__What this task involves__: Retype, word for word, every line of the records below starting at the one that contains "1998년 준공된 통영대교는" and ending at the one that contains "Outfit, který nemůže"; include both of those lines and nothing more.

__Available data__:
▽

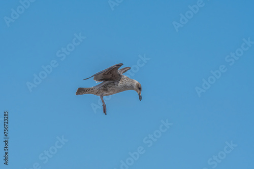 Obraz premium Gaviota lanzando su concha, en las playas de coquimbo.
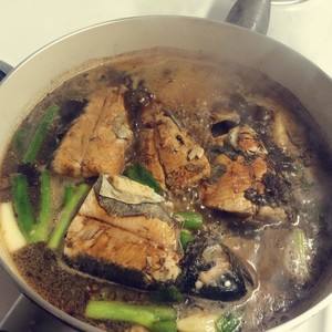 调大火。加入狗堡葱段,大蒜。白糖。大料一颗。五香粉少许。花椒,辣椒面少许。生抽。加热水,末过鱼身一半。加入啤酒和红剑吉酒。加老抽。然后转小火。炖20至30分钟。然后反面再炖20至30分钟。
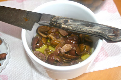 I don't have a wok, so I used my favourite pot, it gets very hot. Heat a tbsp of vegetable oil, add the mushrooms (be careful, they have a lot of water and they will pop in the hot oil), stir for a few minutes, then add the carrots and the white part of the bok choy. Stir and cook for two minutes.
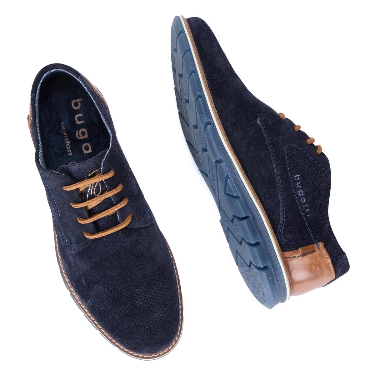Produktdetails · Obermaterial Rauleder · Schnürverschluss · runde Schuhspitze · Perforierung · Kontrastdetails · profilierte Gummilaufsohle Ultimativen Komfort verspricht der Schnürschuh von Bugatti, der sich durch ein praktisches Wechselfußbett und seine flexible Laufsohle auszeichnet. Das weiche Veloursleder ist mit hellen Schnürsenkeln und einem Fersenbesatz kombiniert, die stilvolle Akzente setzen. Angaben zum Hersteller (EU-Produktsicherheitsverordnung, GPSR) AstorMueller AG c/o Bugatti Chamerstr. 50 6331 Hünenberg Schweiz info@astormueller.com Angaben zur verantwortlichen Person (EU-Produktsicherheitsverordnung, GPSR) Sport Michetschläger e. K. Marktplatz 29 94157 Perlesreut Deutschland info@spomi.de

△
▽

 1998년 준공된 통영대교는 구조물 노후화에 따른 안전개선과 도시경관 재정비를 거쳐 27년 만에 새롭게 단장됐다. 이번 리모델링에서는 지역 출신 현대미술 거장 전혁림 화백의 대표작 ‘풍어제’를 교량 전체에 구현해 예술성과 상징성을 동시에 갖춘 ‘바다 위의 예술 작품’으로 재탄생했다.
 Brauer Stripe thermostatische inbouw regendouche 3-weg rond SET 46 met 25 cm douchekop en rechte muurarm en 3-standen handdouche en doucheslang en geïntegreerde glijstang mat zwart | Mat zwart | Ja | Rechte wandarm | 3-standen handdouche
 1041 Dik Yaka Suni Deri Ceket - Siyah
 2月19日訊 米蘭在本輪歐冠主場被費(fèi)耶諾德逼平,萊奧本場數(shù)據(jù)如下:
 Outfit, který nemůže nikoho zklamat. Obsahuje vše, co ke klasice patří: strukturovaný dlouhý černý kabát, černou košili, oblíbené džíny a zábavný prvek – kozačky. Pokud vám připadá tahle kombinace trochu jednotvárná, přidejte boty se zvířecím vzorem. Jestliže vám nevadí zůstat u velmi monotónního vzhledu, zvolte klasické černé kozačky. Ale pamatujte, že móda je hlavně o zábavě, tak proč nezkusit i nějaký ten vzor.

△

__Exercise solution__:
 1998년 준공된 통영대교는 구조물 노후화에 따른 안전개선과 도시경관 재정비를 거쳐 27년 만에 새롭게 단장됐다. 이번 리모델링에서는 지역 출신 현대미술 거장 전혁림 화백의 대표작 ‘풍어제’를 교량 전체에 구현해 예술성과 상징성을 동시에 갖춘 ‘바다 위의 예술 작품’으로 재탄생했다.
 Brauer Stripe thermostatische inbouw regendouche 3-weg rond SET 46 met 25 cm douchekop en rechte muurarm en 3-standen handdouche en doucheslang en geïntegreerde glijstang mat zwart | Mat zwart | Ja | Rechte wandarm | 3-standen handdouche
 1041 Dik Yaka Suni Deri Ceket - Siyah
 2月19日訊 米蘭在本輪歐冠主場被費(fèi)耶諾德逼平,萊奧本場數(shù)據(jù)如下:
 Outfit, který nemůže nikoho zklamat. Obsahuje vše, co ke klasice patří: strukturovaný dlouhý černý kabát, černou košili, oblíbené džíny a zábavný prvek – kozačky. Pokud vám připadá tahle kombinace trochu jednotvárná, přidejte boty se zvířecím vzorem. Jestliže vám nevadí zůstat u velmi monotónního vzhledu, zvolte klasické černé kozačky. Ale pamatujte, že móda je hlavně o zábavě, tak proč nezkusit i nějaký ten vzor.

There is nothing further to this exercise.